Behavioral Assessment in Virtual Reality: An Evaluation of Multi-User Simulations in Healthcare Education
Published in Journal of Organizational Behavior Management, 2023
Steven J. Anbro, Ramona A. Houmanfar, Julie Thomas, Kim Baxter, Frederick C. Harris, Laura H. Crosswell
The Joint Commission conducts ongoing analyses of sentinel events, defined as “a patient safety event (not primarily related to the natural course of the patient’s illness or underlying condition) that reaches a patient and results in any of the following: death, permanent harm, or severe temporary harm and intervention required to sustain life” (Joint Commission, 2019, p. 2).

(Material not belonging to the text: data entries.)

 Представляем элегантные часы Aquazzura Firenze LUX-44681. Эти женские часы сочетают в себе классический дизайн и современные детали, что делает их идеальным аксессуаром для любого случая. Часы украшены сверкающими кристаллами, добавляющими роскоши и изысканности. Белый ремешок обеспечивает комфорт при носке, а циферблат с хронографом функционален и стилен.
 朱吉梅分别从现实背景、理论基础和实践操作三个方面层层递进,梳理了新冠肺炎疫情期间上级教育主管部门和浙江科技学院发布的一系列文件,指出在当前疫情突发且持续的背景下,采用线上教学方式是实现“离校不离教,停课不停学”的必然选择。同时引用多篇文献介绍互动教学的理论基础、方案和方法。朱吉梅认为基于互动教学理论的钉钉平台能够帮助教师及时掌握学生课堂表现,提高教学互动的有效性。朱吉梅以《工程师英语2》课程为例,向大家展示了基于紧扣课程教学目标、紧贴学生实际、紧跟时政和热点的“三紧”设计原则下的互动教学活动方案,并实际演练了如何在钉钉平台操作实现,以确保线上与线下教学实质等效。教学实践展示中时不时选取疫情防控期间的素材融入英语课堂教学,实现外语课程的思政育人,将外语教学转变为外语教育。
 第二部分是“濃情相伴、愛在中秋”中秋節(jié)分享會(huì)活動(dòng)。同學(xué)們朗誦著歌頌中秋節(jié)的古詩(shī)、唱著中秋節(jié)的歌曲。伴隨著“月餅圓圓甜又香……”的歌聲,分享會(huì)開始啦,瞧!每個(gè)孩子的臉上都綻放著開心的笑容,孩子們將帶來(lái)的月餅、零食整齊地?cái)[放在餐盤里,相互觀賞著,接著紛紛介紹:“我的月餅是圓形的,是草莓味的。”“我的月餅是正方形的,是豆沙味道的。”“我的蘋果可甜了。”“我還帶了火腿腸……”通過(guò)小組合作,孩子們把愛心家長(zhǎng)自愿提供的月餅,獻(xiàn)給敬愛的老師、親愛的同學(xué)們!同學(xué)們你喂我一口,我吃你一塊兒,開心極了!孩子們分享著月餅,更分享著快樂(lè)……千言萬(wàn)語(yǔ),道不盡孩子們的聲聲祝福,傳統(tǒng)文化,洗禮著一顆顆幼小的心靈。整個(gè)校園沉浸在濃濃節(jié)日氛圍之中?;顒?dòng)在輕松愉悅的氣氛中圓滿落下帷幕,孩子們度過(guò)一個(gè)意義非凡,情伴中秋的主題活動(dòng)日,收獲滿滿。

Given the prevalence of medical error leading to sentinel events (death in particular) coupled with increased public awareness of this problem, the healthcare industry has looked to high-reliability organizations (HROs) across other industries for guidance. HROs are organizations whose employees conduct regularly occurring, highly technical operations in working conditions that range from moderate to high levels of potential risk (Anbro et al., 2020). A defining feature of HROs is the interlocking of behavior across managerial and operational levels of an organization; this occasions systemic learning from errors and helps institutionalize performance/safety corrections based on lessons learned and process innovation (Alavosius et al., 2017; Dekker & Woods, 2009). The healthcare industry has particularly looked to the aviation industry and their development of Crew Resource Management (CRM) as a guide to address persisting human/systems challenges.